> **Work required**:
Transcribe the entries below exactly, starting with the line that has "プレミアムな芋焼酎飲み比べ6本セット(森伊蔵720ml 初心者お断り900ml だいやめ900ml" and stopping after the line that has "AbsoDry - Комплект"; no pictures belong in the copy.

[Saved entries]
◇ ◇ ◇

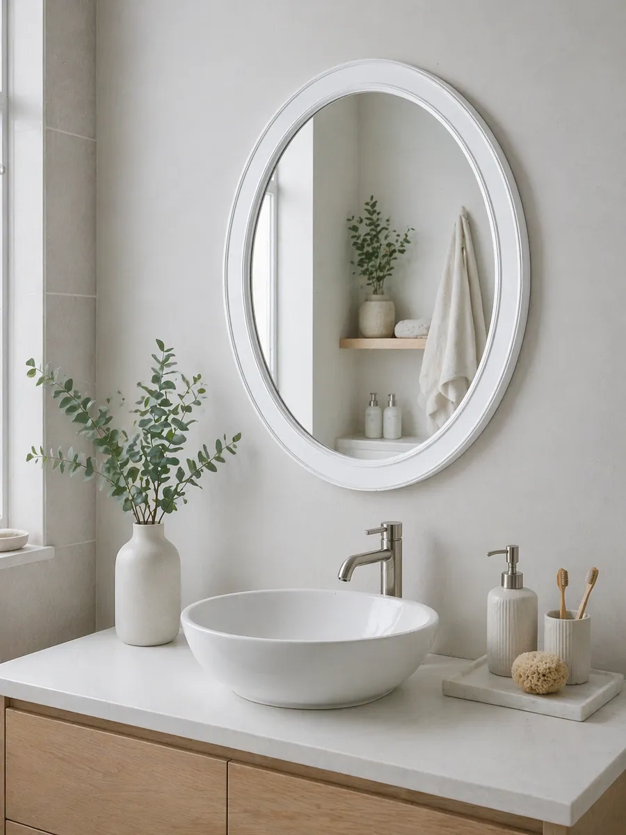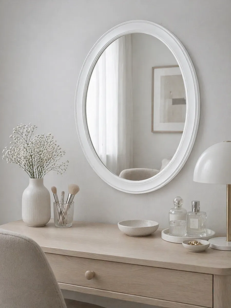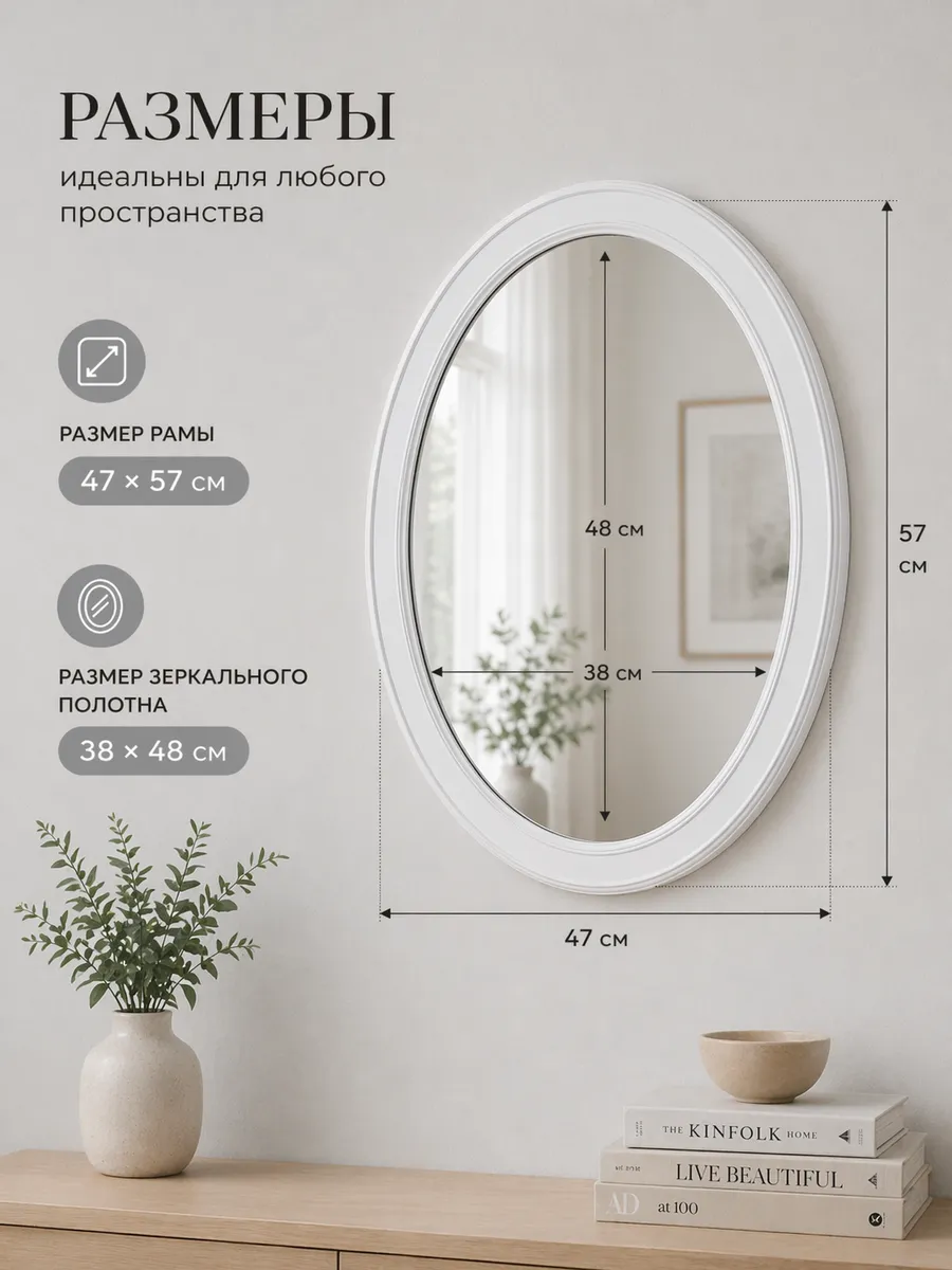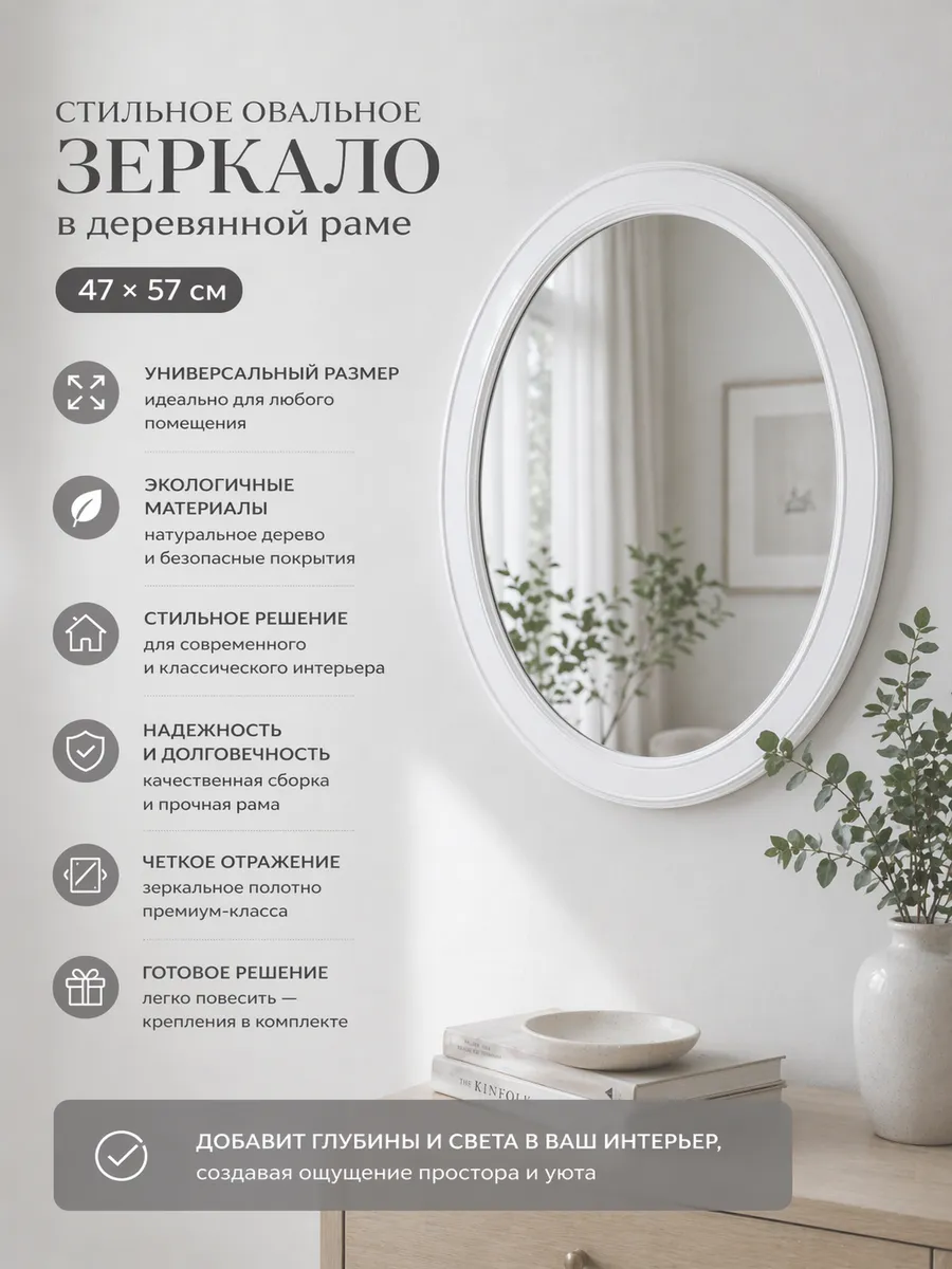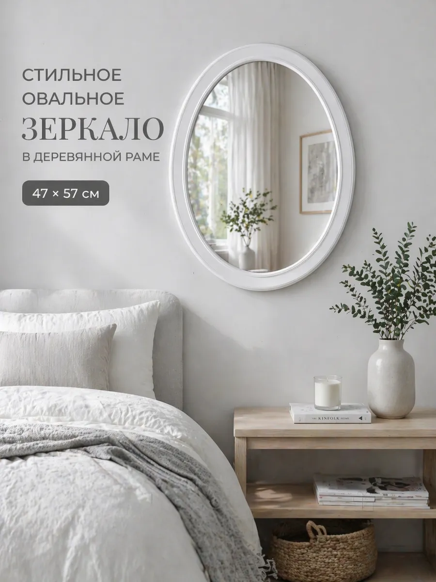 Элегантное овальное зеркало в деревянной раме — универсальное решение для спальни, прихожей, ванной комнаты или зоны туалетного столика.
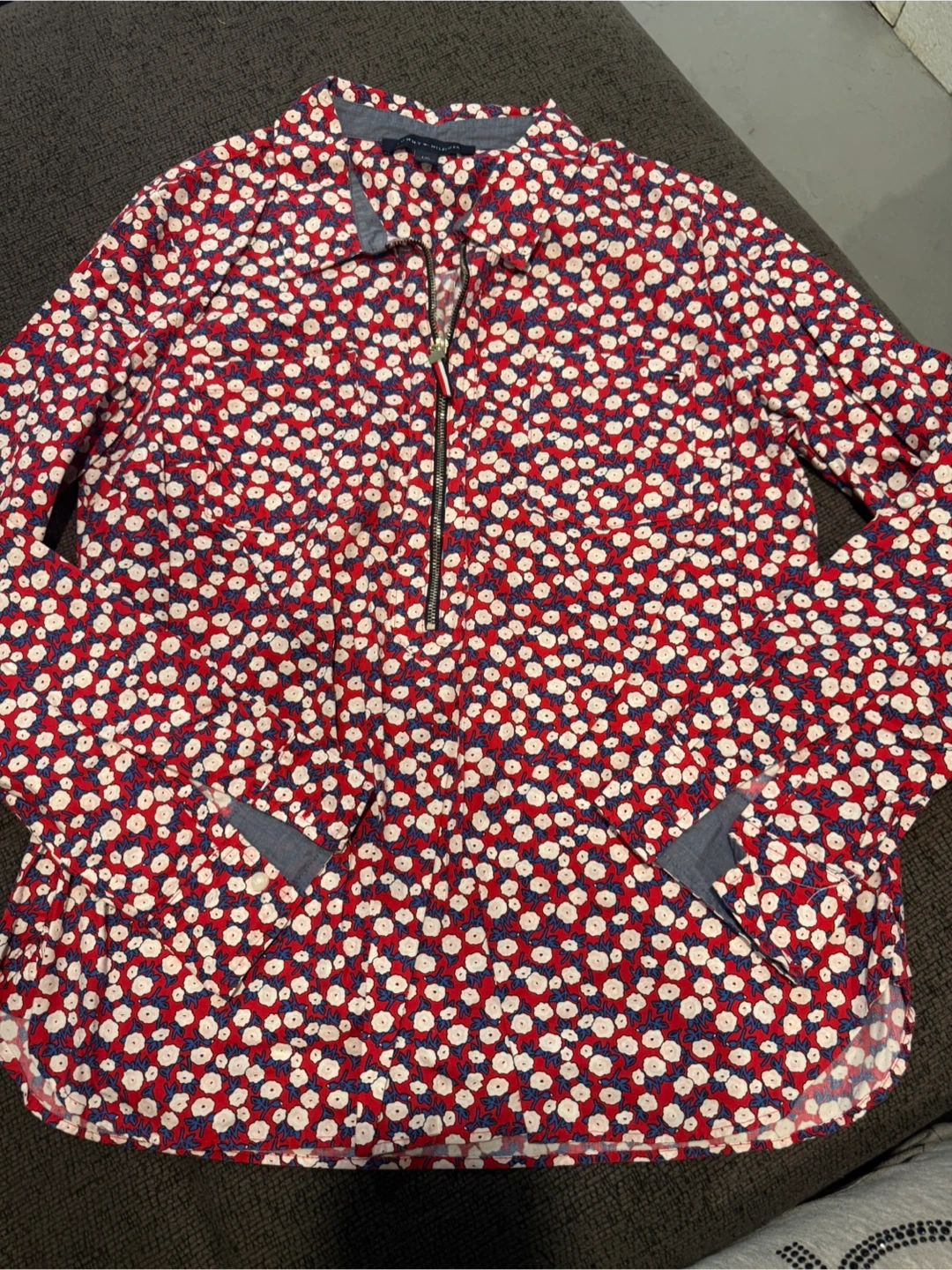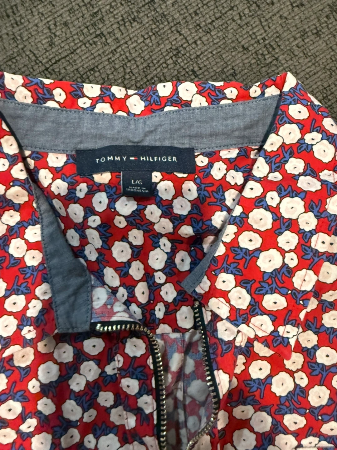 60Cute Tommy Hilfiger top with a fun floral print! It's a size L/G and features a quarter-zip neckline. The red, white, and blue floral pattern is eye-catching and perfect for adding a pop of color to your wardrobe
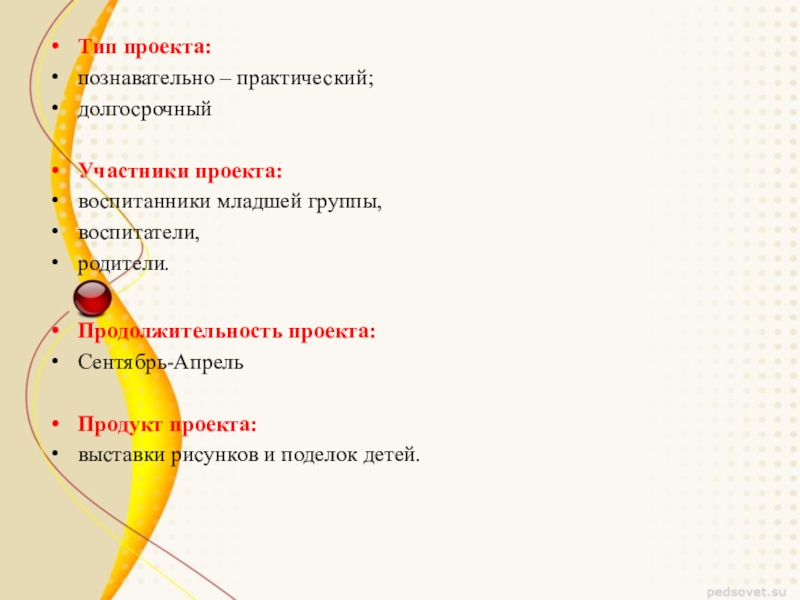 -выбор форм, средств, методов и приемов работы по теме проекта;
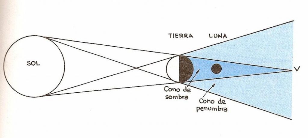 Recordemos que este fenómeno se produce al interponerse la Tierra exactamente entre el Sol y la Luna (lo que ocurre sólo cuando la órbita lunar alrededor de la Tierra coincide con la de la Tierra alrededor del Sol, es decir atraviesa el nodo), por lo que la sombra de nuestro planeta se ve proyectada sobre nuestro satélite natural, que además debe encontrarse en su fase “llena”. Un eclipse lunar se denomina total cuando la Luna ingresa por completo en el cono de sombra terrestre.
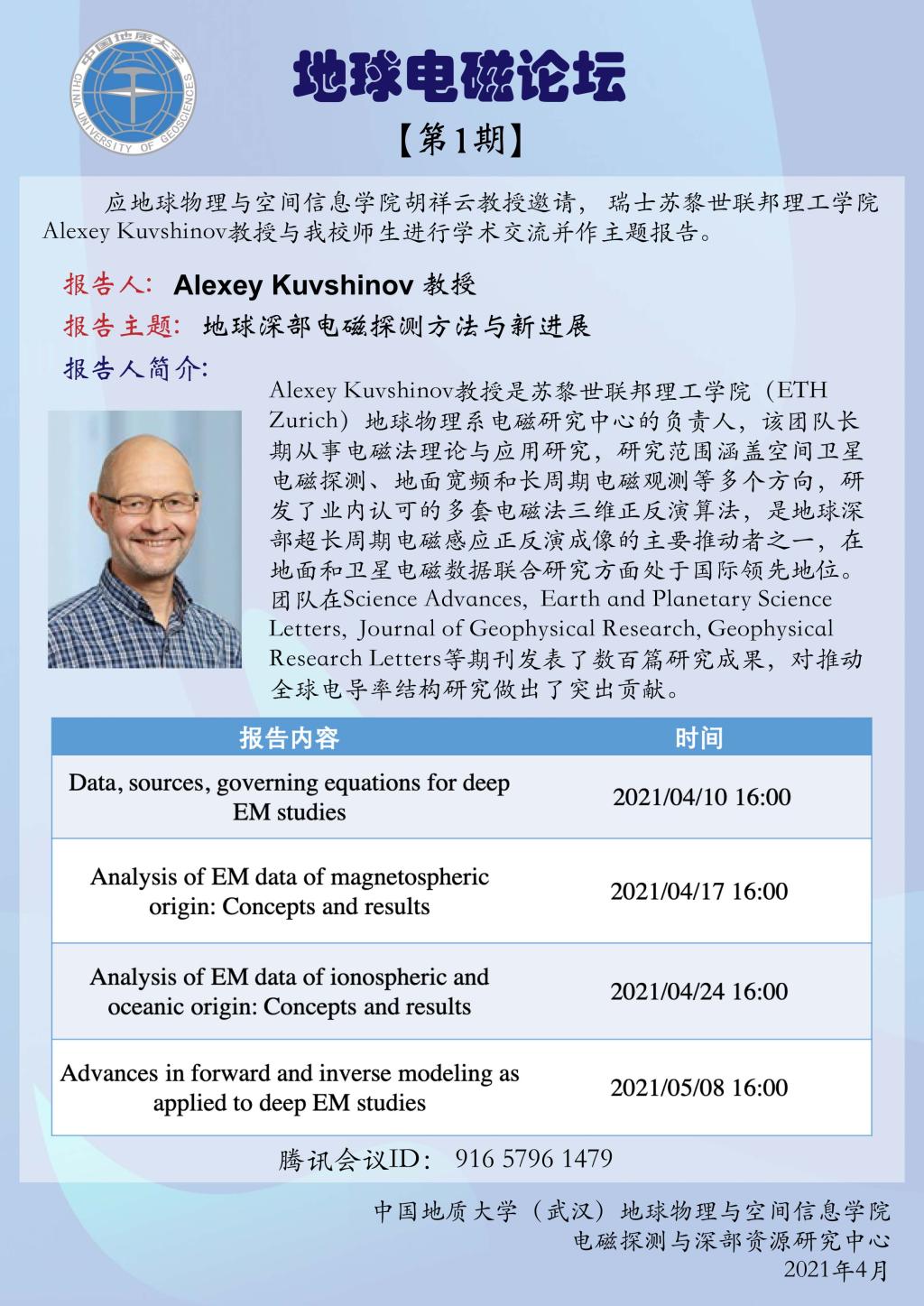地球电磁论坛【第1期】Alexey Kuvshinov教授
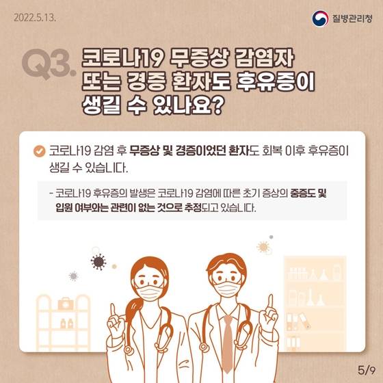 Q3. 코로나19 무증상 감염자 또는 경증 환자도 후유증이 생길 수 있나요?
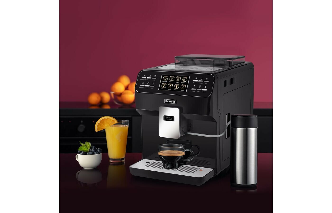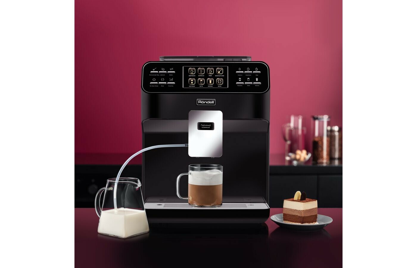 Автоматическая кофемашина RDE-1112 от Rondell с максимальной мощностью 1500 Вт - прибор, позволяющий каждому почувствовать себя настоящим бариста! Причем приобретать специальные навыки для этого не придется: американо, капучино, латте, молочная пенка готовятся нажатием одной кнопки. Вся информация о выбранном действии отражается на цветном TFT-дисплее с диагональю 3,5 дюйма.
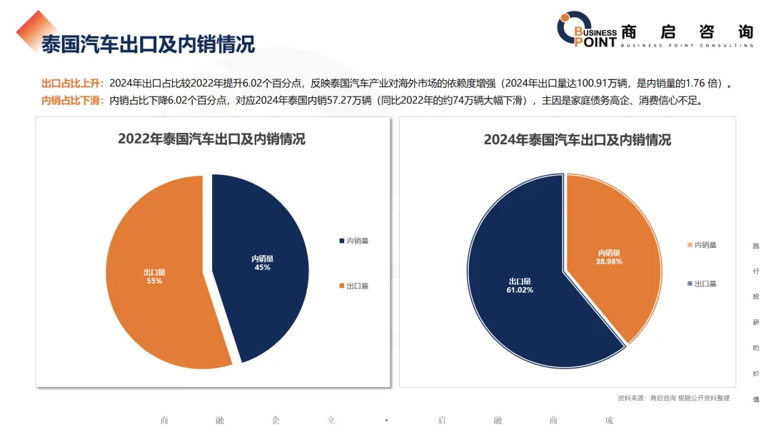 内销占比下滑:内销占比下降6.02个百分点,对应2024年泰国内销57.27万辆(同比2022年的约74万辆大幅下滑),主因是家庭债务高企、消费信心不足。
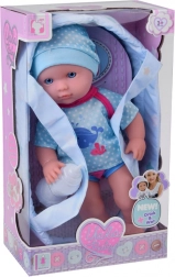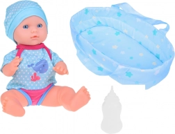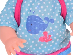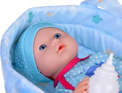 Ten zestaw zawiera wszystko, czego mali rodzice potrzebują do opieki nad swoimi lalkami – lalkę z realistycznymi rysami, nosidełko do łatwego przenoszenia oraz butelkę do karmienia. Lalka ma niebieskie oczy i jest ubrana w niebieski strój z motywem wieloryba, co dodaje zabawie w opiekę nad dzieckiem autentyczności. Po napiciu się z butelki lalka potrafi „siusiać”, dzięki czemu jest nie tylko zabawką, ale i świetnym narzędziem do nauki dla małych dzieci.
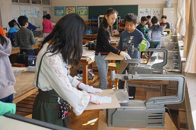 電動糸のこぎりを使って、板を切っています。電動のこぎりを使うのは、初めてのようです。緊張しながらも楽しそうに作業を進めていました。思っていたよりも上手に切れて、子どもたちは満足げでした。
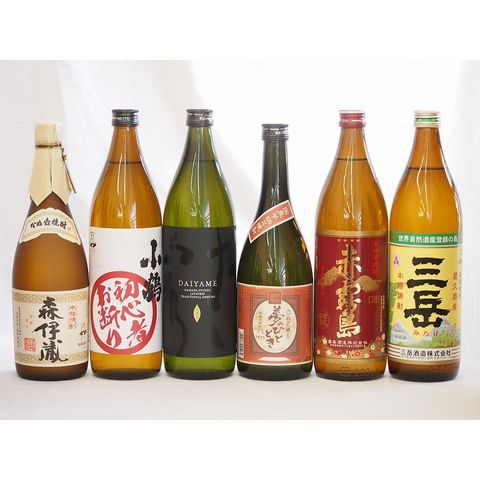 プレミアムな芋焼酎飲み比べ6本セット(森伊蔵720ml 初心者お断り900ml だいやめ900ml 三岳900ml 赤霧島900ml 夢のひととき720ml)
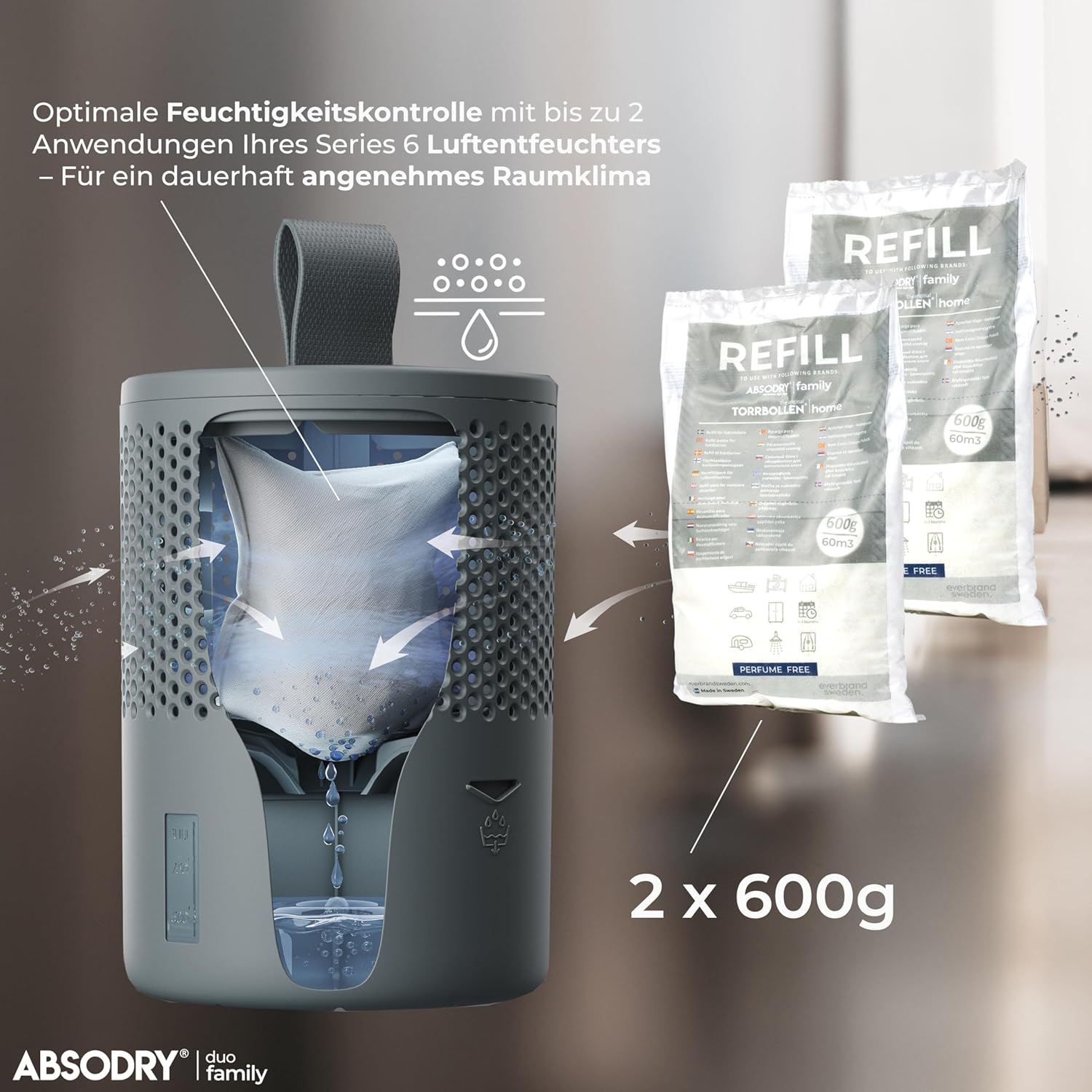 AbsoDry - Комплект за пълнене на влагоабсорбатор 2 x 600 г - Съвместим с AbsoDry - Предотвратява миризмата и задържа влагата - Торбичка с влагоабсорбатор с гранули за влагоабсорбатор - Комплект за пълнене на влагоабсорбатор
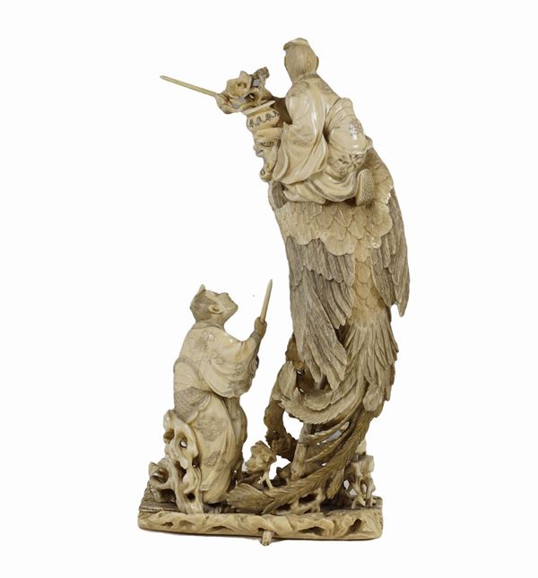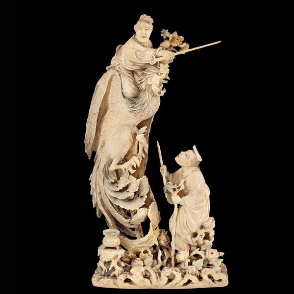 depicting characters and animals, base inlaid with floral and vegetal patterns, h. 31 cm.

◇ ◇ ◇

> **Written reply**:
 プレミアムな芋焼酎飲み比べ6本セット(森伊蔵720ml 初心者お断り900ml だいやめ900ml 三岳900ml 赤霧島900ml 夢のひととき720ml)
 AbsoDry - Комплект за пълнене на влагоабсорбатор 2 x 600 г - Съвместим с AbsoDry - Предотвратява миризмата и задържа влагата - Торбичка с влагоабсорбатор с гранули за влагоабсорбатор - Комплект за пълнене на влагоабсорбатор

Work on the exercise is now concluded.